Hal lain juga terlihat di dalam Undang-Undang Nomor 31 Tahun 2014 Tentang Perlindungan Saksi dan Korban Pasal 5 ayat 1 huruf b yang berbunyi

“saksi dan korban berhak mendapatkan informasi mengenai perkembangan kasus” namun kenyataannya berdasarkan hasil wawancara penulis kepada

hakim, mengenai aksebilitas perkembangan perkara hakim menjawab bahwa penegak hukum di pengadilan negeri salatiga termaksud hakim sendiri tidak ada memberitahukan kepada korban mengenai perkembangan perkara, jika korban ingin mengetahui mengenai perkembangan perkara, korban sendiri yang bertanya atau datang langsung ke pengadilan negeri salatiga, penilain penulis mengenai hal ini seharusnya penegak hukum yang menangani kasus tersebut memberikan infirmasi terkait perkembangan perkara korban tanpa harus korban

sendiri yang bertanya kepada penega hukum yang menangani kasus ini atau kepengadilan negri salatiga. Karena hal ini sudah jelas bahwa terkait perkembangan perkara, itu merupakan hak korban untuk mendapatkan informasi mengenai perkembangan perkara seperti apa yang sudah di sebutkan di Pasal 5 ayat 1 huruf f.

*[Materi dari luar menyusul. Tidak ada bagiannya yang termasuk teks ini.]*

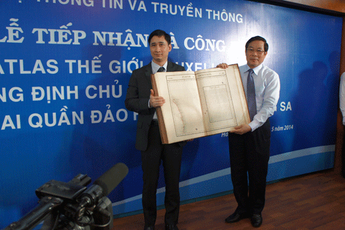 Khi có được những thông tin quan trọng này, ông Tổng giám đốc Công ty Dược phẩm ECO đã quyết định tài trợ mua trọn bộ 6 tập Atlas Thế giới để tặng lại Nhà nước để làm dầy dặn thêm cơ sở lịch sử và pháp lý về chủ quyền của Việt Nam ở Hoàng Sa. Đây thực sự là một tài sản quốc gia vô giá.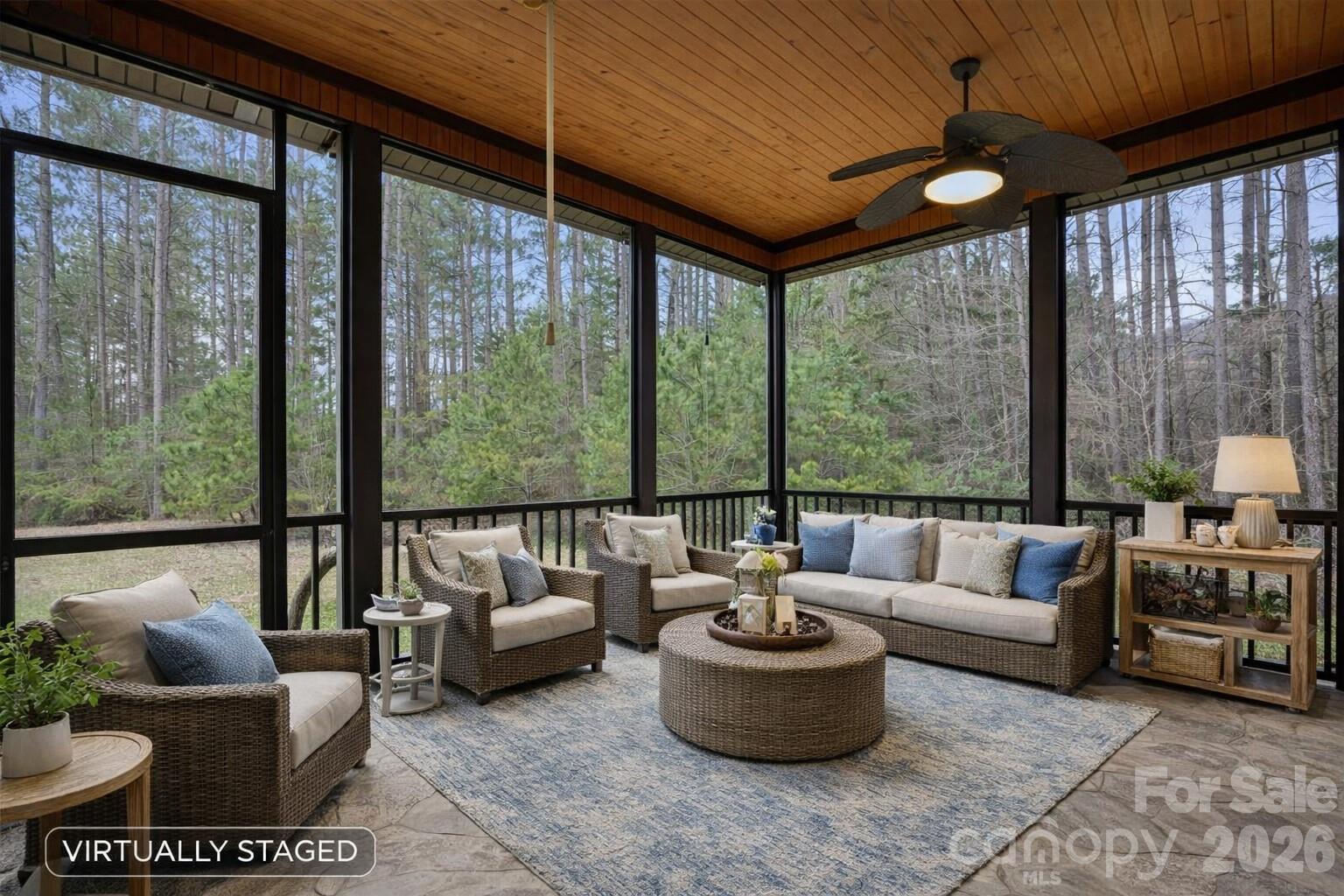Immaculate Custom Home on 1.45 Acres with Exceptional Craftsmanship Experience refined living in this impeccably maintained custom home, where thoughtful design and superior craftsmanship are evident at every turn. A striking double-door entry welcomes you into a grand two story foyer, setting the tone for the quality found throughout. The main level features a vaulted office and a formal dining room currently used as a second office both highlighted by rich wood detailing. The great room showcases a coffered ceiling and stunning stone fireplace and flows seamlessly into the chef’s kitchen. Designed to impress, the kitchen offers high-end appliances including a double oven, microwave/oven combo, trash compactor, and abundant cabinetry, with additional storage in the breakfast area. Step outside to a private, tranquil backyard and a spacious screened porch constructed with steel beams and stone flooring perfect for everyday enjoyment or entertaining guests. The main level owner’s suite is a true retreat, featuring dual vanities, a jetted tub, walk in shower, and two generous walk in closets. Upstairs, Bedroom 1 includes an ensuite bath and a flexible bonus space ideal for a spa room, nursery, or storage. Bedroom 2 offers a private office area and an impressive theater room, while Bedroom 3 also features its own ensuite bath. A dedicated exercise room completes the upper level. Additional highlights include: Encapsulated crawlspace with access beneath the porch, ideal for storm protection Four car garage with insulated doors and walls; two 25 foot deep bays, 220V outlet, and exterior access Whole house water filtration and softener system Beautiful 1.45-acre lot with custom fire pit, serene wooded views, and abundant wildlife This exceptional home offers a rare combination of luxury, space, and privacy in a truly special setting. A must see for buyers seeking quality, comfort, and meticulous care with no HOA fees!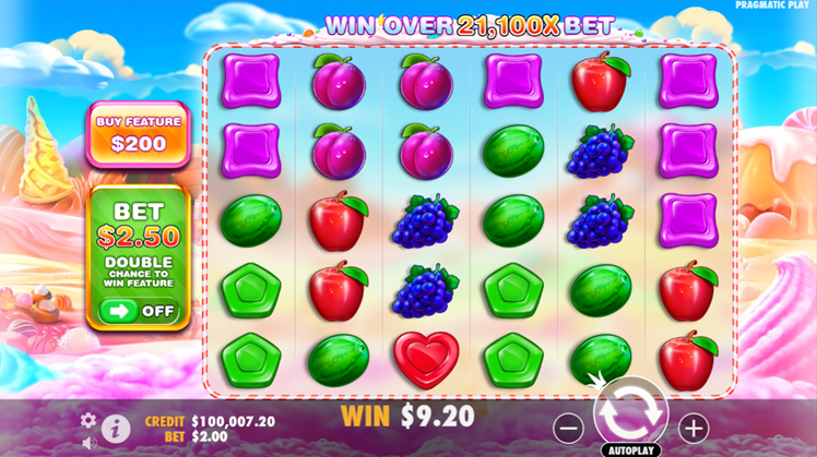 Sweet Bonanza will sweeten your gameplay with exploding fruit and sweets that sparkle on the candy land grid. The sticky tumbling symbols make tinkling sounds as the clouds drift by in the breath-taking candy land background. This slot game brings good odds of winning, and by using the buy feature, it allows you to get splendid free spins instantly for 200.00. While you watch the symbols tumble into place, you can up the ante bet to increase the honied excitement of Sweet Bonanza. You can only up the ante when not using the buy feature.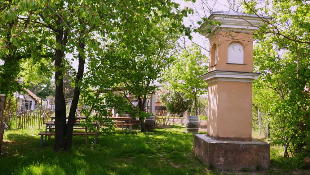 Am oberen Ende der Stammersdorfer Kellergasse befindet sich im Garten eines Heurigen das "steinerne Kreuz".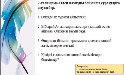 аудио тыңдау. Әрбір оқушы жеке сұрақтарға жауап беру; (Екі топтағы сұраққа жауап берген оқушыларды жұлдызшамен бағалау) 1.Өлеңде өнер мен білімнің адамға қандай пайдасы бар деп айтылған? 2.«Өнер» сөзі өлеңде қандай мағынада қолданылған? 3. Өлеңде қандай мысалдар арқылы өнер мен білімнің маңызды екені көрсетілген? 4. Өлеңде автор жастарға қандай кеңес береді? 5.Өлеңде қай ғасырдың жаңалықтары мен өнері туралы айтылған? 1-топ А).Оқушыларға мәтін беру, мәтіннен сәйкес келмейтін ақпаратты бір бағанға, сәйкес келетін ақпаратты екінші бағанға жаздыру. Ә). Өлеңде қою әріппен жазылған сөздердің аудармасын жазу; 2-топ А).Өлеңнің мазмұны бойынша сұрақтарға жауап беру;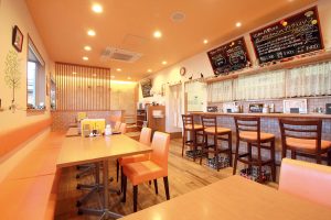 オレンジで統一された明るい雰囲気の店内。絵本やおもちゃが充実しているので、子ども連れにもぴったり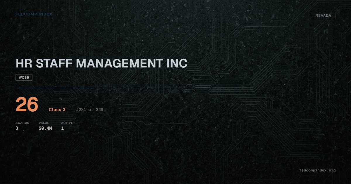 HR STAFF MANAGEMENT INC holds position #231 among 349 Nevada federal contractors scored by the FedComp Index at 26. Contract records show $0.4M in federal awards over the five-year scoring window. Awards span Department of Defense and Department of Justice. Carries an active WOSB certification. One contract currently active. Last recorded award dates to 2023. Top competitors by award overlap include GLOBAL NETWAVE LLC and TWIN OTTER INTERNATIONAL LTD.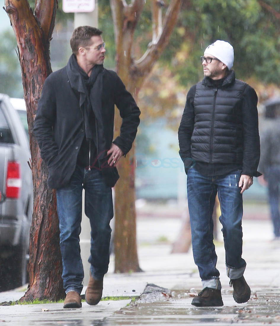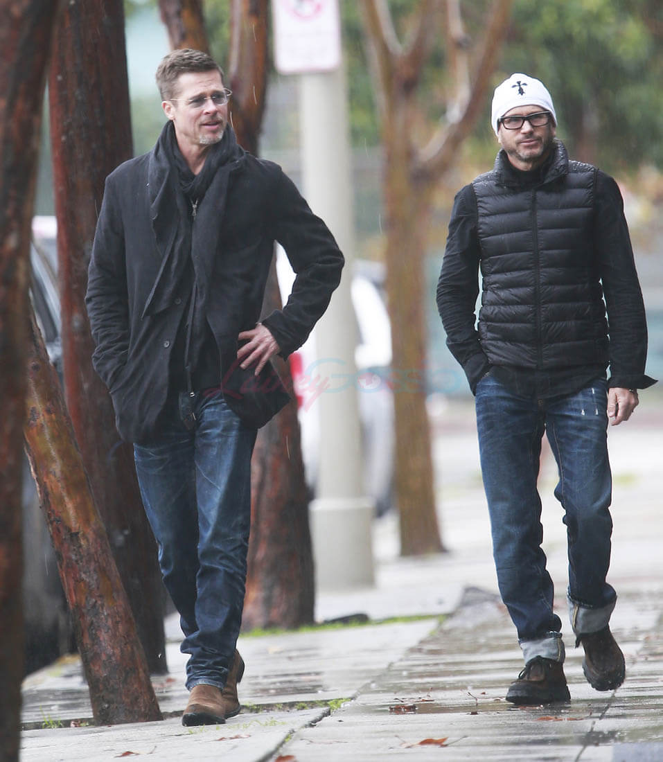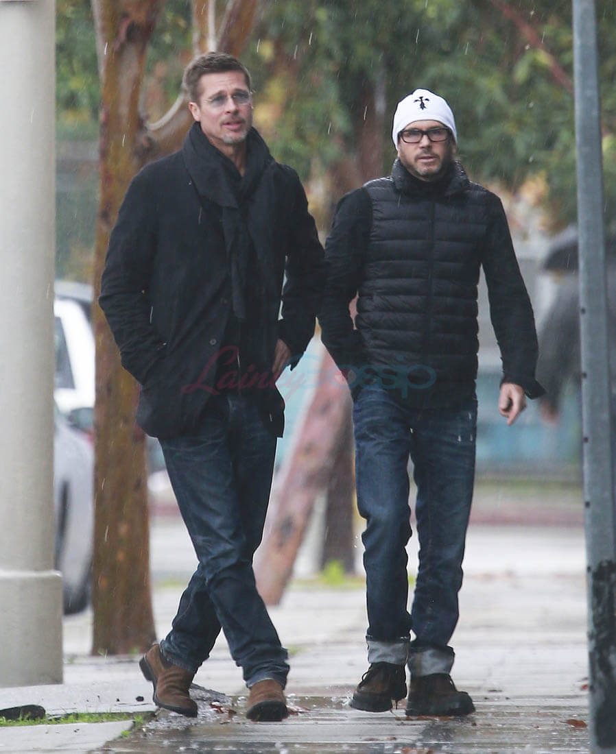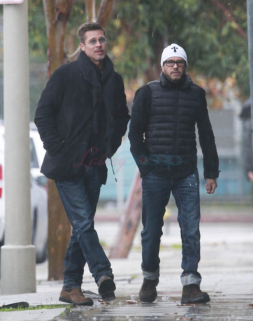 When the Brange divorce was first announced, Brad went unpapped for months, successfully staying undercover and avoiding photographers. He showed up at the Golden Globes as a surprise presenter. Then, the next day, he and Angelina Jolie was announced that they’d be working through their divorce with a private judge so that no further details about their mess would be revealed to the public. And a week after that he was papped the night after a private hotel party while his assistant carried out balloons and champagne. This week, Monday, he was papped again, out with a friend, looking real good, as many of you have noted. Monday was also the day that the news of Angelina’s new fragrance deal with Guerlain was announced. Coincidence or conspiracy? Is this how it’s going to be now?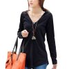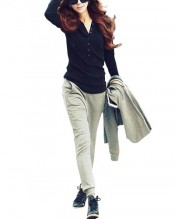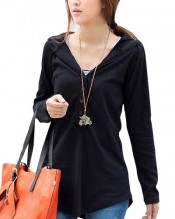 DJT 2014 New Fashion Design Women V-Neck Button Slim Hoodied Sweatshirt/Top/Tee/Shirt/Blouse/T-Shirt Black Size XL UK 14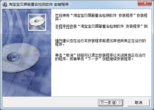 1.歡迎使用“淘寶寶貝屏蔽重名檢測軟件安裝程序”安裝程序。
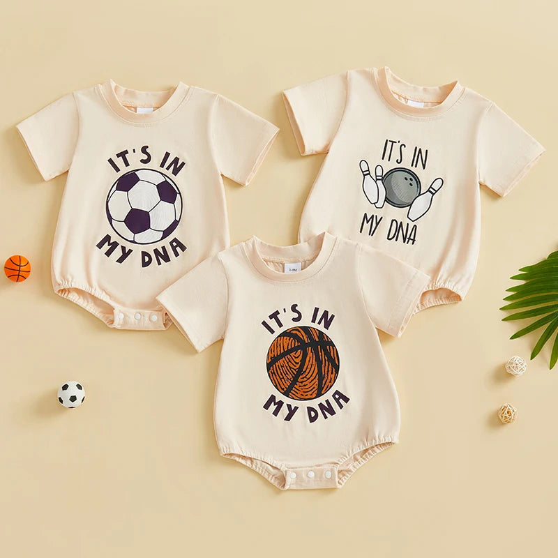 Adorable Sports Print: Features playful football, basketball, and bowling letter prints, perfect for baby boys’ daily casual style.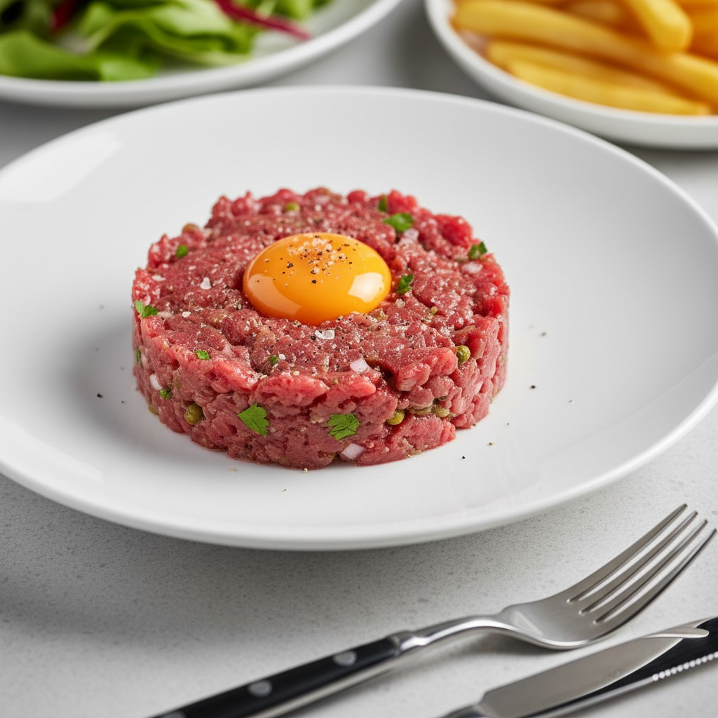 - Dressez le tartare dans des cercles ou à l’aide d’un emporte-pièce sur les assiettes. Creusez légèrement le centre et déposez un jaune d’œuf par portion. Servez immédiatement, accompagné de frites maison ou d’une salade verte croquante.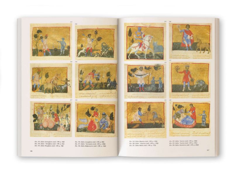 Con ricche illustrazioni a colori, presenta i capolavori dell'arte bizantina (miniature, titoli ed epiteti) dai manoscritti illustrati dei monasteri del Monte Athos. Nelle pagine di quest'opera (in quattro volumi: A-B-C-D) vengono pubblicate e descritte per la prima volta a livello internazionale le miniature a colori dei manoscritti bizantini, esempi davvero impareggiabili di arte bizantina e una delle espressioni più estetiche della cultura bizantina e della tradizione greca moderna. L'alta qualità artistica delle miniature unita all'ottima stampa a colori, la rilegatura artistica di alta qualità, fanno di edizione ad una vera e propria opera d'arte, di valore collezionistico, preziosa non solo per studiosi e scienziati ma anche per tutti estimatori della cultura bizantina.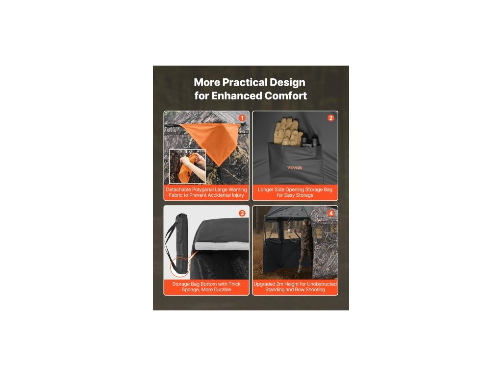 Číslo modelu položky: ZH848479-SW,Hmotnost výrobku: 8,67 kg / 19,92 lbs,Rozměry výrobku: 2150x2150x2000 mm / 84,65x84,65x78,74 palce,Hlavní materiál: Voděodolná maskovací tkanina 150D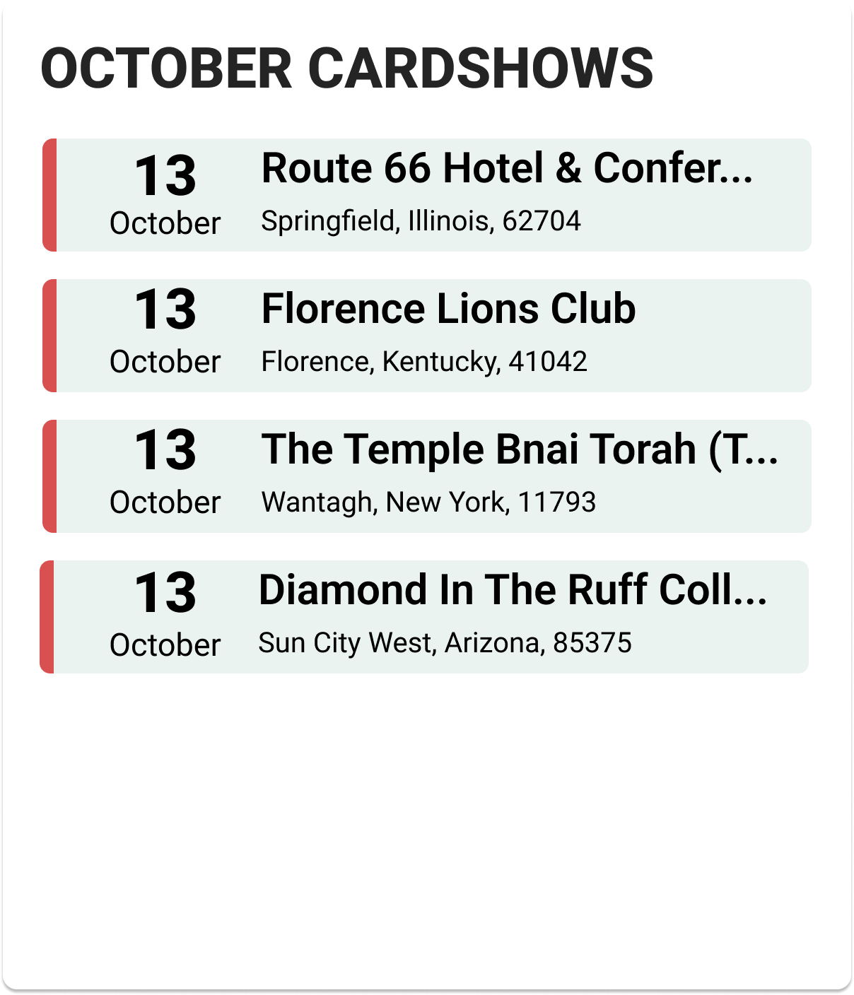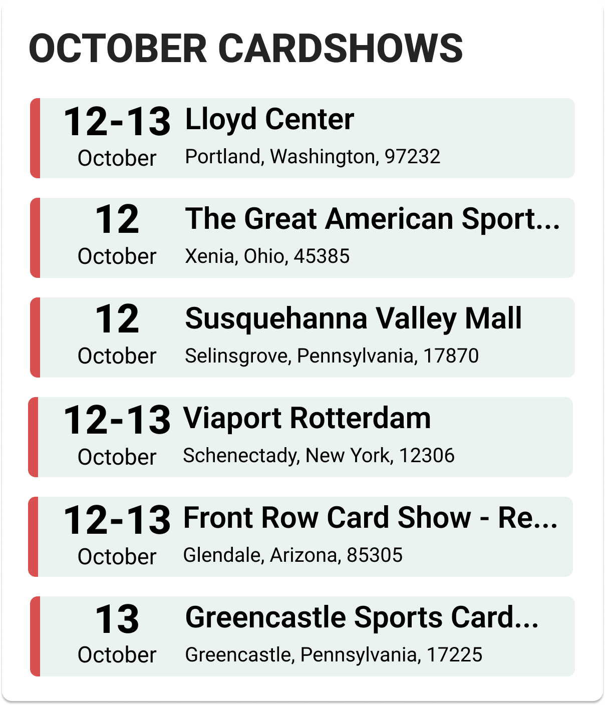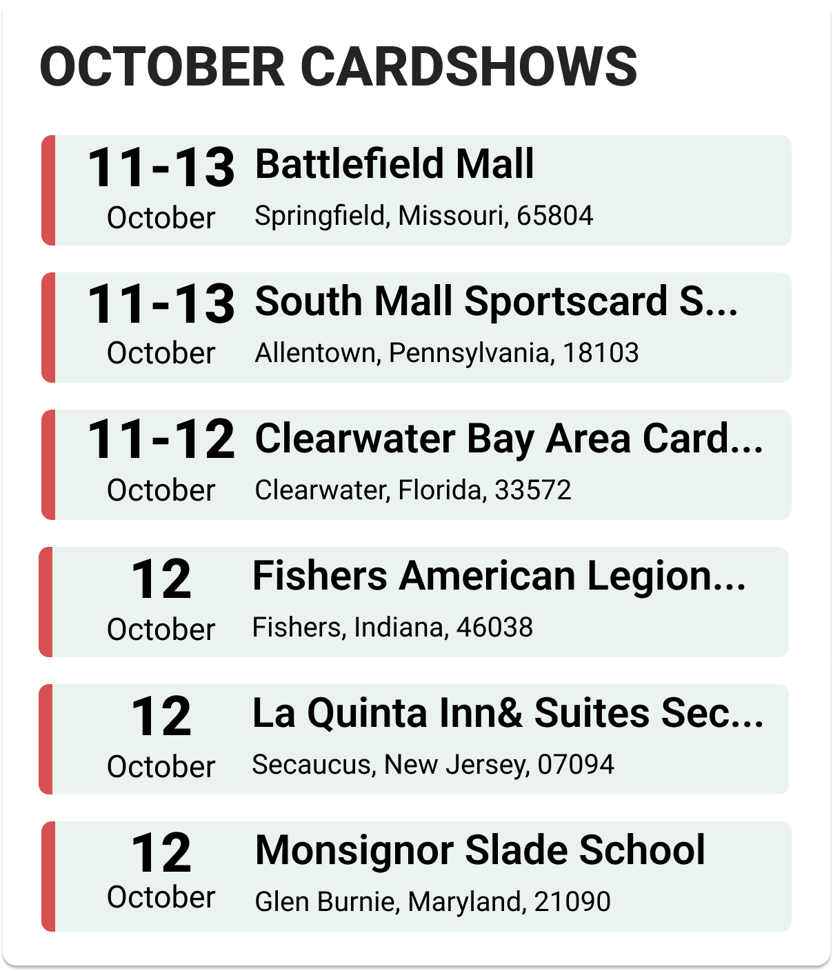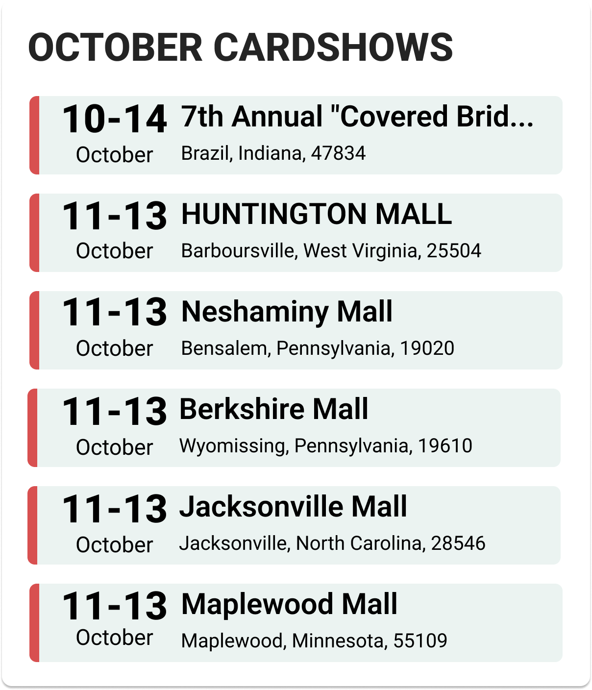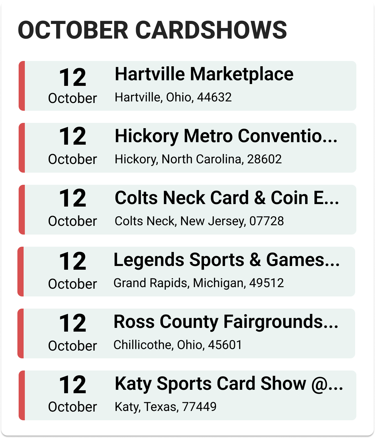 Details: A local card show featuring vendors offering a variety of sports cards and collectibles. This event is perfect for Ohio collectors looking for rare finds.

Dalam proses pemeriksaan terhadap anak korban dalam kasus ini hakim belum menerapkan Perma Nomor 13 Tahun 2017 tentang perempuan yang berhadapan dengan hukum. Faktanya dapat dilihat berdasarkan hasil wawancara penulis terhadap hakim ketika penulis bertanya mengenai “apakah dalam menangani kasus ini, hakim menerapkan Perma perempuan berhadapan dengan hukum? Karna kasus ini sendiri melibatkan anak yang menjadi korban dimana anak tersebut adalah perempuan” kemudian hakim menjawab bahwa dalam menangani kasus ini hakim tidak melihat dari Perma Perempuan Berhadapan Dengan Hukum, karena menurut hakim Undang-Undang dan Perma lebih tinggi Undang-Undang, jadi hakim tidak perlu untuk melihat Perma ini. Namun menurut penulis seharusnya dalam menangani kasus ini hakim melihat perma perempuan berhadapan dengan hukum, hal ini bertujuan agar dalam proses pemeriksaan korban di persidangan tidak adanya diskriminasi perempuan yang terjadi, karena jika adanya diskriminasi dalam proses pemeriksaan di persidangan akan menimbulkan ketidak adalian bagi anak korban sebagai korban tindak pidana pencabulan, ketidk adalian tersebut akan berdampak pada penanganan perkara tersebut dan juga akan berdampa kepada kondisi psikis korban. maka menurut penulis pentinglah Perma Nomor 13 Tahun 2017 tentang Pedoman Mengadili Perkara Perempuan berhadapan Dengan Hukum juga di perhatian dalam melindungi anak sebagai korban tindak pidana dalam Proses peradilan.